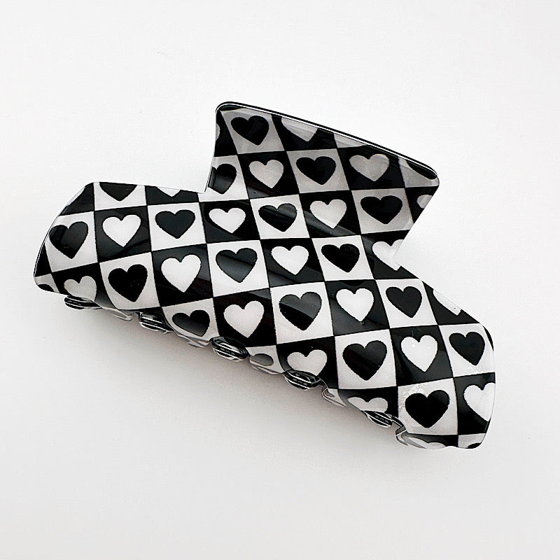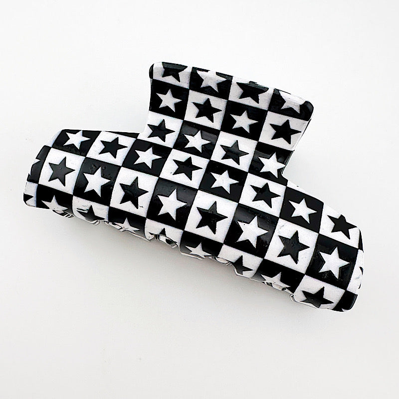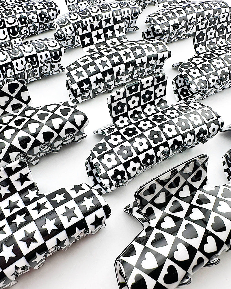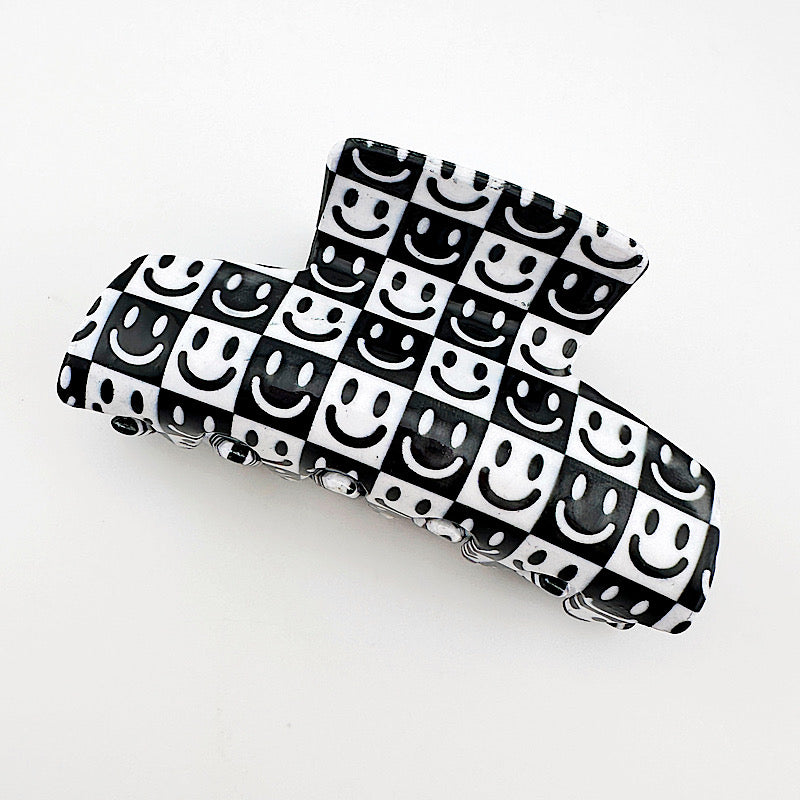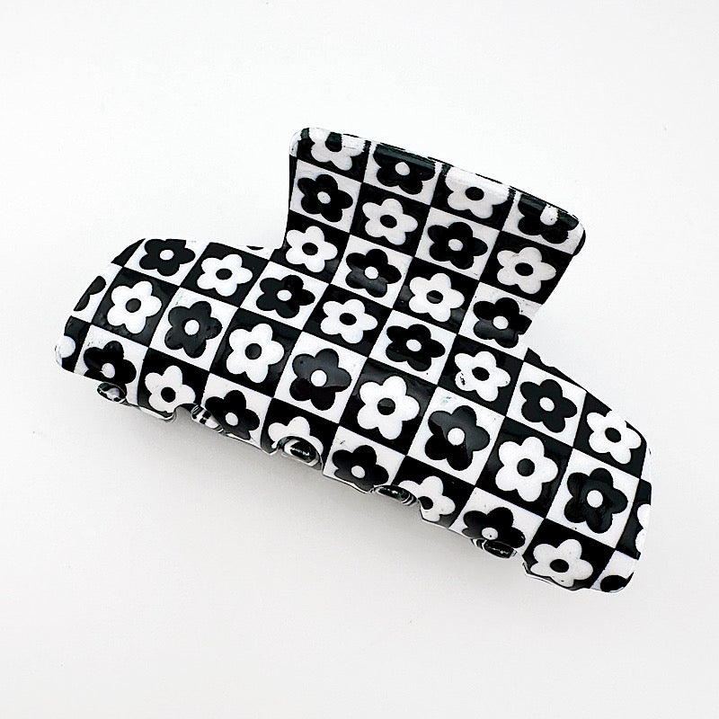 Black & white checker but make it fun & funky! Lightweight claw clip in 4 fun prints. 3-3/8"
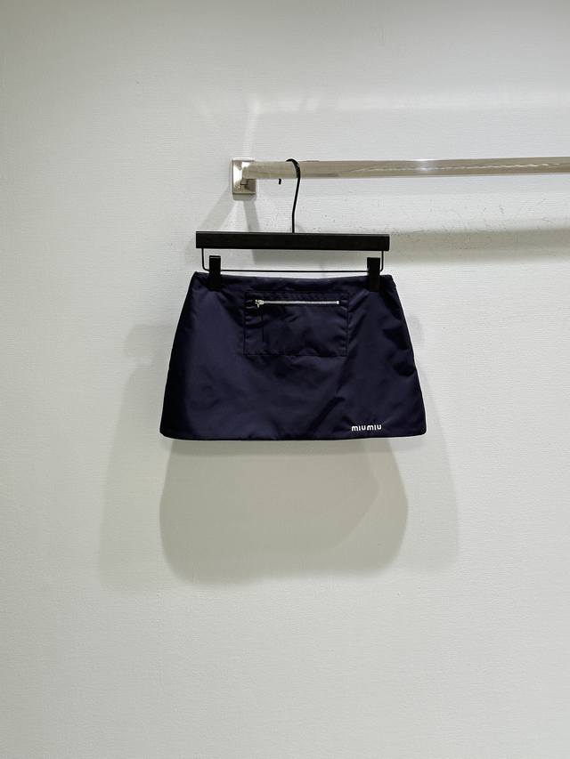 25Ss New Winter Arrival! Inspired by 90s archive style, this technical gabardine skirt blends sporty elements with exquisite craftsmanship. A front zip pocket highlights refined workmanship, while a soft fleece lining adds to its charm. Available now in navy blue, sizes S, M, L, DDD.
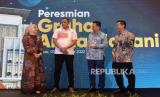 Plt Walikota Bekasi, Tri Adhianto Tjahyono (tengah), bersama Kepala Kantor OJK KR 1 Jakarta Banten Roberto Akyuwen (kanan) dan Direktur Utama PT BPR Syariah Cahyo Kartiko saat peresmian gedung baru Bank Syariah Artha Madani di Bekasi, Jawa Barat, Rabu (7/9/2022). BPR Syariah Artha Madani meresmikan kantor baru yang dihadirkan dengan konsep personal banking syariah. Konsep ini dihadirkan untuk meningkatkan kepercayaan dan kenyamanan kepada nasabah untuk mendapatkan layanan jasa keuangan syariah khususnya di kota Bekasi dan sekitarnya. (FOTO : Republika/Edwin Dwi Putranto)
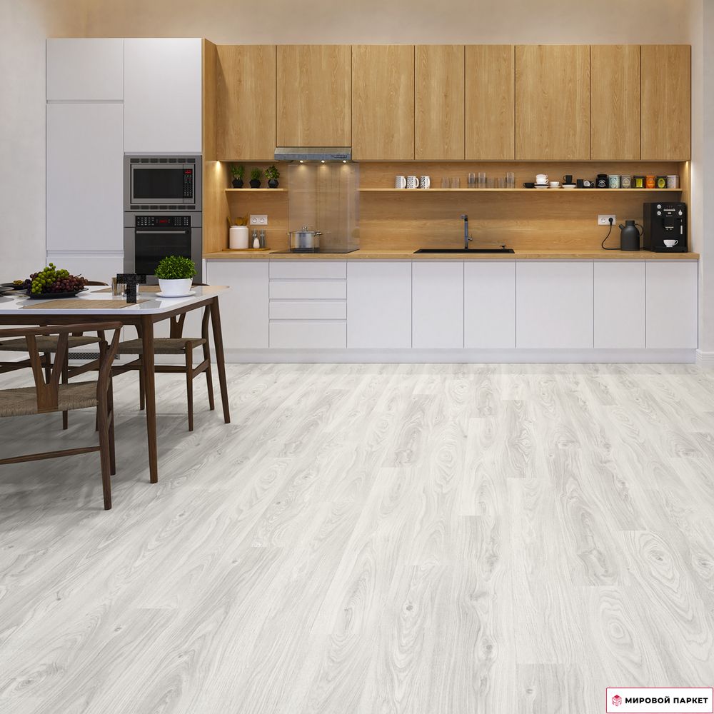 Ламинат имеет светлый оттенок и белый цвет, что позволяет ему гармонично сочетаться с различными стилями интерьера. Однополосный дизайн и полуматовая текстура поверхности создают эффект натуральной древесины, придавая помещению уют и теплоту. Благодаря рисунку древесины дуба и стандартному формату доски, ламинат легко вписывается в любое пространство. Он подходит для использования в гостиной, детской, кухне, на даче или в доме.
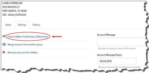 Click the Import dxNow 4 Addresses, References link, as shown:
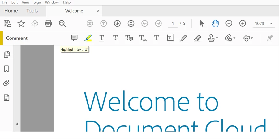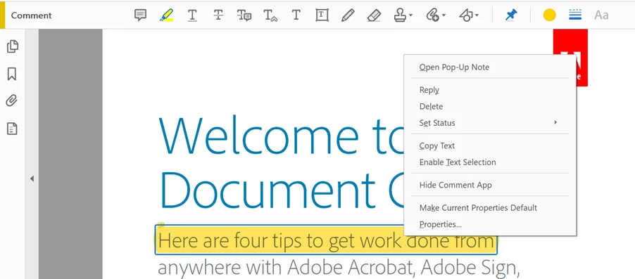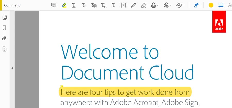 Add comments to PDF files with highlights, sticky notes, a freehand drawing tool, and mark-up tools.
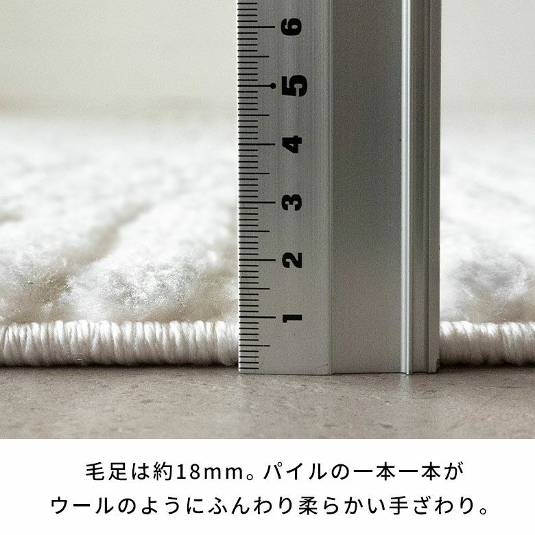 ノット数72,000の普及品クラス。しわになりにくくなめらかで、やさしい肌ざわりのポリエステル糸を使用。水や汚れに強く、遊び毛も出にくいためお手入れも簡単。パイルの長さは約1.8cmで、掃除のしやすさと快適さを両立。冬はホットカーペットカバーとしても活躍し、床暖房との併用も可能なので、一年を通して快適に使えます。
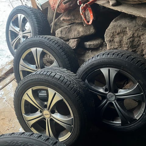 Suoraan käytöstä kuvien nastarenkaat alkuperäisillä Skodan aluvanteilla. Pintaa on hyvin jäljellä kaikissa renkaissa, eikä juurikaan nastoja ole rapissut, vantessa on jonkun verran kauneusvirheitä, mut kyllä noilla vielä yhden talven ajaa.
● ● ● ● ●
**What the exercise asks:** Could you give the material above again, exactly and without its pictures?

**Response to this task:**
 Black & white checker but make it fun & funky! Lightweight claw clip in 4 fun prints. 3-3/8"
 25Ss New Winter Arrival! Inspired by 90s archive style, this technical gabardine skirt blends sporty elements with exquisite craftsmanship. A front zip pocket highlights refined workmanship, while a soft fleece lining adds to its charm. Available now in navy blue, sizes S, M, L, DDD.
 Plt Walikota Bekasi, Tri Adhianto Tjahyono (tengah), bersama Kepala Kantor OJK KR 1 Jakarta Banten Roberto Akyuwen (kanan) dan Direktur Utama PT BPR Syariah Cahyo Kartiko saat peresmian gedung baru Bank Syariah Artha Madani di Bekasi, Jawa Barat, Rabu (7/9/2022). BPR Syariah Artha Madani meresmikan kantor baru yang dihadirkan dengan konsep personal banking syariah. Konsep ini dihadirkan untuk meningkatkan kepercayaan dan kenyamanan kepada nasabah untuk mendapatkan layanan jasa keuangan syariah khususnya di kota Bekasi dan sekitarnya. (FOTO : Republika/Edwin Dwi Putranto)
 Ламинат имеет светлый оттенок и белый цвет, что позволяет ему гармонично сочетаться с различными стилями интерьера. Однополосный дизайн и полуматовая текстура поверхности создают эффект натуральной древесины, придавая помещению уют и теплоту. Благодаря рисунку древесины дуба и стандартному формату доски, ламинат легко вписывается в любое пространство. Он подходит для использования в гостиной, детской, кухне, на даче или в доме.
 Click the Import dxNow 4 Addresses, References link, as shown:
 Add comments to PDF files with highlights, sticky notes, a freehand drawing tool, and mark-up tools.
 ノット数72,000の普及品クラス。しわになりにくくなめらかで、やさしい肌ざわりのポリエステル糸を使用。水や汚れに強く、遊び毛も出にくいためお手入れも簡単。パイルの長さは約1.8cmで、掃除のしやすさと快適さを両立。冬はホットカーペットカバーとしても活躍し、床暖房との併用も可能なので、一年を通して快適に使えます。
 Suoraan käytöstä kuvien nastarenkaat alkuperäisillä Skodan aluvanteilla. Pintaa on hyvin jäljellä kaikissa renkaissa, eikä juurikaan nastoja ole rapissut, vantessa on jonkun verran kauneusvirheitä, mut kyllä noilla vielä yhden talven ajaa.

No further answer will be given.